ILUSTRASI: Karyawan mengamati pergerakan harga saham di Main Hall Bursa Efek Indonesia
JAMBISNIS.COM – Pasar saham Indonesia mengalami guncangan hebat setelah Morgan Stanley Capital International (MSCI) membekukan sejumlah perubahan indeks terkait kebijakan free float. Dampaknya, Indeks Harga Saham Gabungan (IHSG) anjlok tajam 7,34% pada perdagangan Rabu (28/1/2026) dan memicu kekhawatiran investor terhadap potensi penurunan status Indonesia dari Emerging Market menjadi Frontier Market.
Berdasarkan data Bursa Efek Indonesia (BEI), IHSG ditutup melemah 659,67 poin ke level 8.320,55. Kapitalisasi pasar pun menguap lebih dari Rp1.258 triliun hanya dalam satu hari. Investor asing tercatat melakukan aksi jual bersih (net sell) sebesar Rp6,17 triliun, mencerminkan derasnya arus keluar dana global dari pasar saham domestik.
Keputusan MSCI tersebut mencakup pembekuan kenaikan Foreign Inclusion Factor (FIF), Number of Shares (NOS), penambahan emiten baru ke dalam MSCI Investable Market Indexes (IMI), serta perpindahan saham antar segmen indeks. Langkah ini diambil untuk menekan risiko investability sambil menunggu perbaikan transparansi kepemilikan saham oleh otoritas pasar Indonesia.

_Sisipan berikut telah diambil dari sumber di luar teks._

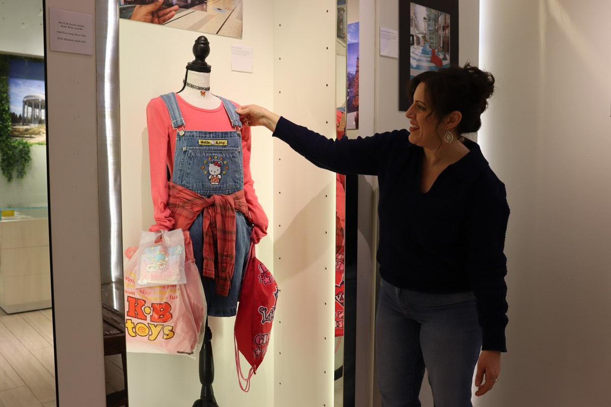 Sarah Mejia adjusts a vintage KB Toys shopping bag on a mannequin inside the Sacramento Rewind exhibit at Arden Fair Mall on Friday, Dec. 12, 2025.Tony Rodriguez/CapRadio
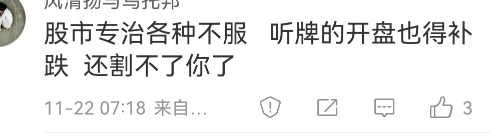 上周五大阴线,你说一步到位了他不信,胡说八道的反倒还有人给他点赞。当然,他们人多。等着下个月让他看看听牌的表现,好消息是他们手里没有听牌的。
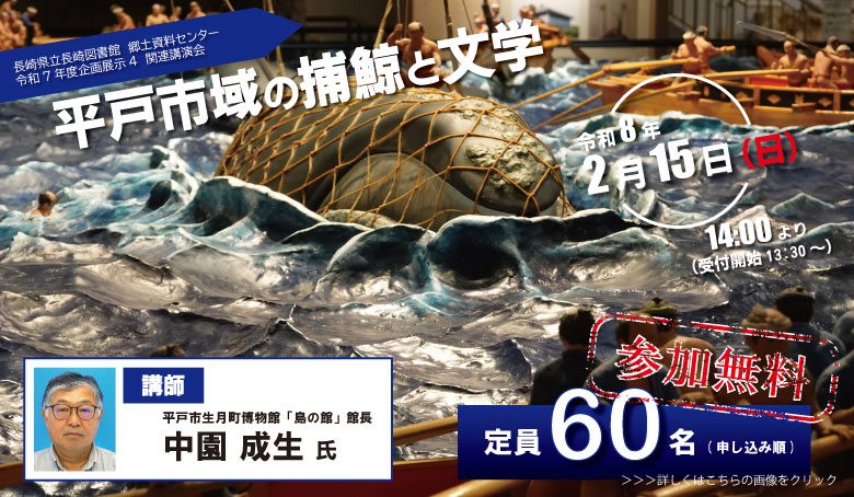 - 令和7年度 郷土資料センター企画展示4 「平戸市ゆかりの資料展 平戸市ゆかりの文学と西海捕鯨」のご案内
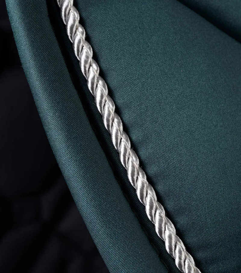 Complete with decorative twisted ropes which accent the outer edge of the saddle square, adding a touch of embellishment. Adjustable Velcro D loop straps and Velcro girth straps allow you to secure your saddle. One of thebest close contact GP / Jumpsquares for those who want to make a statement in the equestrian field.
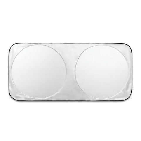 Slnečná clona do auta vyrobená z polyesteru 210D s dvoma kruhovými plochami s priemerom 65 cm. Tento inovatívny tvar je ideálny pre horúce dni. Dodávaná v taške z polyesteru 210D, je okrúhla pre ľahké skladovanie. 1500 x 700 mm
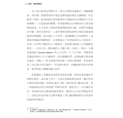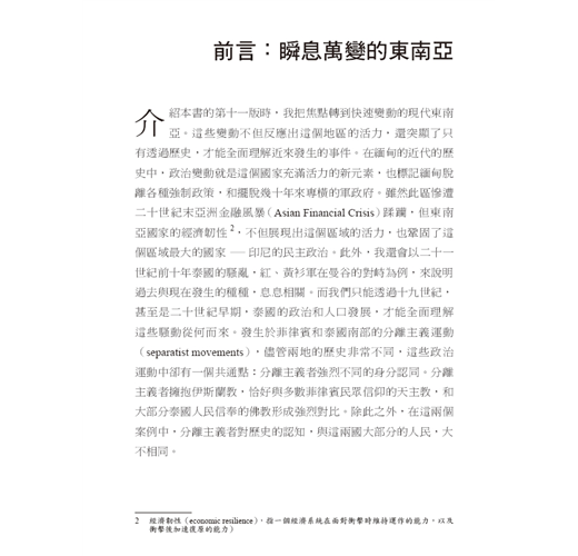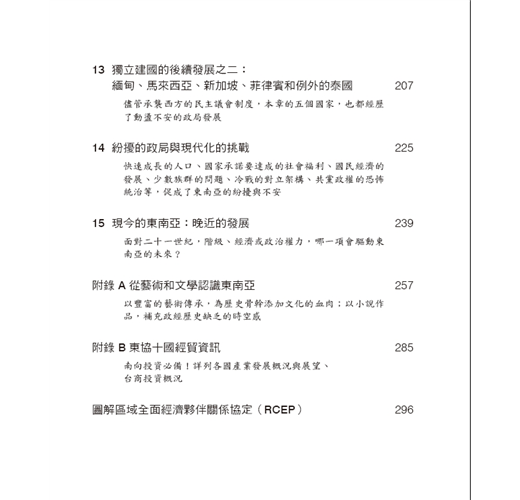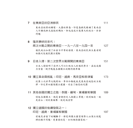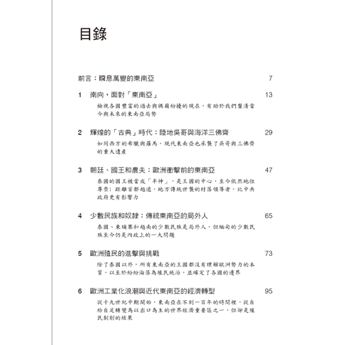 重新審視東南亞,追索各國發展的歷程,分辨各國不同政體、文化傳統,釐清當今的局勢,並找出長久以來排斥外來影響的因素,重新認識我們不可忽視的鄰居。
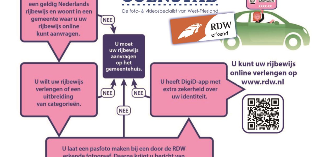 U dient hier nog wel voor bij de RDW-erkende pasfotograaf Foto Coenstad langs te gaan. Vergeet niet uw rijbewijsnummer mee te nemen. Zij maken en uploaden uw foto met uw handtekening veilig naar het RDW.
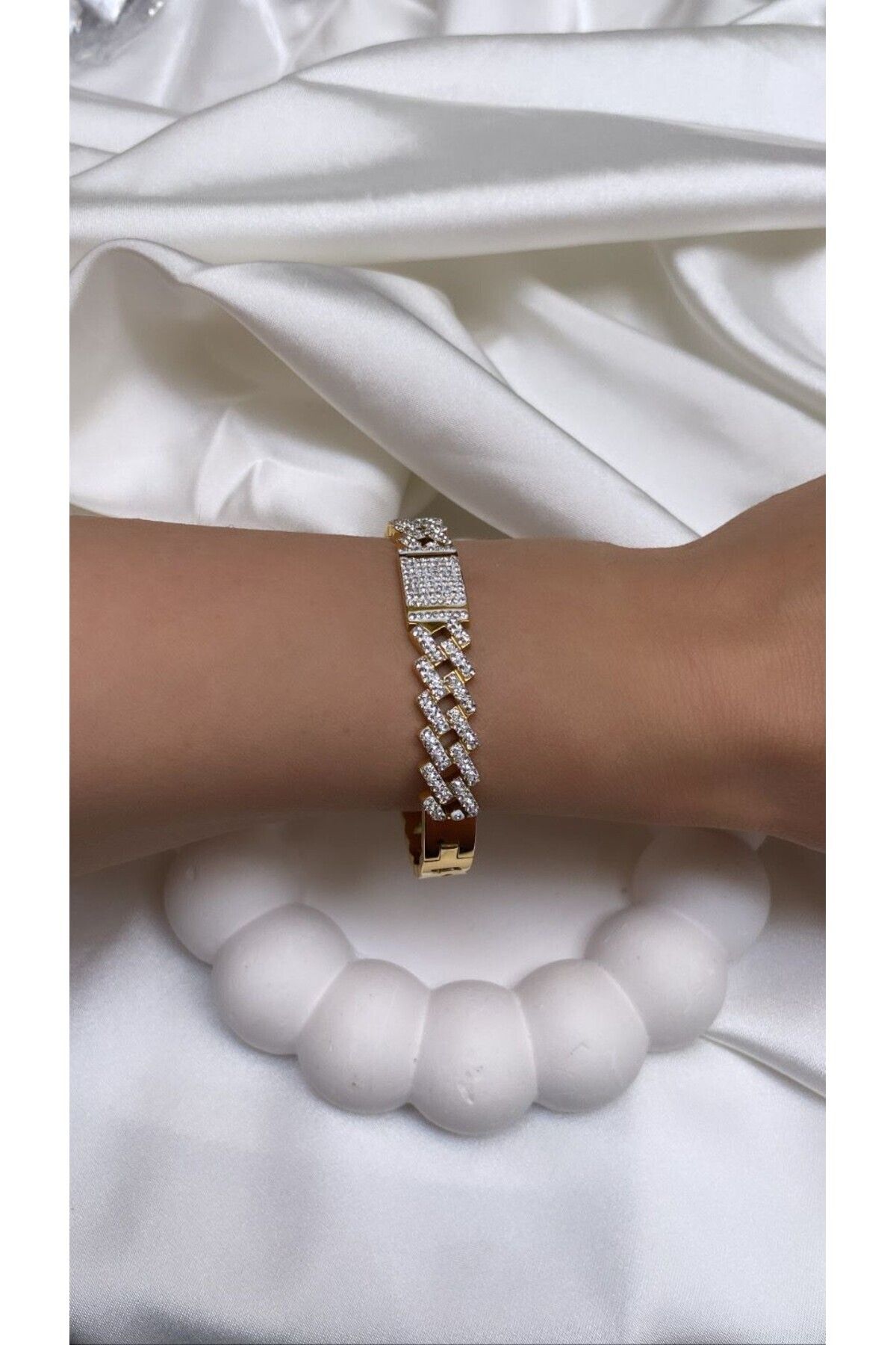 Accessories Taşlı Çelik Gold Renk Kelepçe
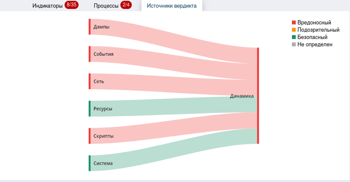 Во вкладке «Источники вердикта» можно ознакомиться с тем, какие источники посчитали файл вредоносным.

MSCI memberi tenggat waktu hingga Mei 2026 bagi Indonesia untuk menunjukkan kemajuan signifikan. Jika tidak terpenuhi, Indonesia berisiko mengalami penurunan bobot di MSCI Emerging Markets Index atau bahkan direklasifikasi menjadi Frontier Market. Skenario ini dinilai dapat memicu forced selling dari dana pasif global.
Direktur Utama BEI Iman Rachman meminta investor tetap tenang dan menegaskan komitmen bursa untuk meningkatkan transparansi data kepemilikan saham. BEI berencana memperluas klasifikasi investor menjadi sembilan kategori, termasuk institusi global seperti asset manager, sovereign wealth fund, dan private equity.